Yes, toolz is smaller than underscore which has an API of size about 100.
What are your thoughts on random
and sandbox
modules John? Also, can you hypothesize in what other directions people might want to go? What are some example functions that should just barely not be part of toolz? What functions outline a boundary?
In short, what are your answers to the questions of scope and grouping. I have principles about these topics in the abstract. I don't think I have very solidified stances on them in concrete applications (applications like toolz
).
I think submodules for specialized cases is fine and makes sense. It makes more sense to me than the division into dicttoolz, itertoolz and functoolz, particularly since you oppose cross-module imports.
I agree w/ what you write about scope, particularly general applicability. Your tutorial-in-progress is pointing in this direction already. We aim to provide tools to manipulate standard data structures, mostly lazily, in composable ways. Things that are too specialized should perhaps be additional modules with toolz as a dependency.
I'm open to tearing down the itertoolz/functoolz/dictoolz
scaffolding. I'm a little afraid of a giant core.py and would support some scheme of organization; I agree thought that the iter/func/dict scheme doesn't feel perfect. It's mostly there for historical reasons.
Thanks for the shout-out!
I'm definitely on the same page as you guys, and, as such, I don't have a whole lot to add without giving things sufficient consideration. I like the idea of a sandbox
that lowers the barrier of entry and can serve as an incubator, but has no guarantees for API consistency whatsoever. This is something I've been thinking about too.

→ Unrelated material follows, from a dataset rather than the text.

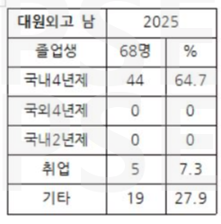 * 대원외고 2025 남학생 졸업자 68명 가운데 해외 대학 진학자는 없고, 국내 4년제 대학 진학자는 44명으로 64% 이상의 높은 진학률을 보입니다. 전문대 진학자는 없지만 취업자 5명 (7.3%)이 눈길을 끌고 졸업생의 27% 이상이 재수를 선택하는 상황입니다.

I'll give an example of something that is probably near, but currently outside the boundary of toolz: ewma
, an estimated weighted moving average. Ignore for the moment that this can be accomplished with itertoolz.accumulate
(perhaps add as a recipe or example?). An ewma
is pure, lazy, and composable, so prima facie it is worth considering to add to toolz
. It is different, though, because generically it is more of an end-product of an analysis than a building block. But, this isn't true if you do signal analysis and build more complicated filters that include an ewma
. Hence, this would best belong in a signal
namespace. Signals are a perfect source of infinite iterables. However, should signaltoolz
be a submodule or a separate package? I don't know, and I contend it doesn't matter for the purpose of adding it to sandbox
. If enough signalling tools are added to sandbox
that it is clear a lightweight, coherent set of building blocks for signal analysis can be made into toolz.signaltoolz
, then so be it. sandbox
would have served as a staging area. If, however, it is decided that the signal tools should belong in a separate package, then so be it. sandbox
would have served as an incubator that allowed input and contributions from this (hopefully growing) community before the creation of a new package. If we had first said "ewma belongs in a separate package", then that package probably would never have been created.
What is the scope of toolz? How do we organize toolz functions into cohesive groups?
Grouping: One extreme is to have lots of functions swimming around in a common namespace (
from toolz import *
). Another is to rigidly structure the namespaces so that few functions are within each (from toolz.itertoolz.random import *
). A hybrid is to structure functions into namespaces but then have a public top-level namespace of very commonly used functions.Scope: At what point do we say, "this function should be in a different package"? One extreme is to accept any pure-python function that anyone deems useful. The other is to restrict ourselves to an exclusive orthogonal set.
Toolz is now growing at a rate where I would like to develop some kind of guideline. We don't want to introduce an API that we don't want to maintain into the future. I believe that these two issues are related because we can ease the problems of a large scope with organization.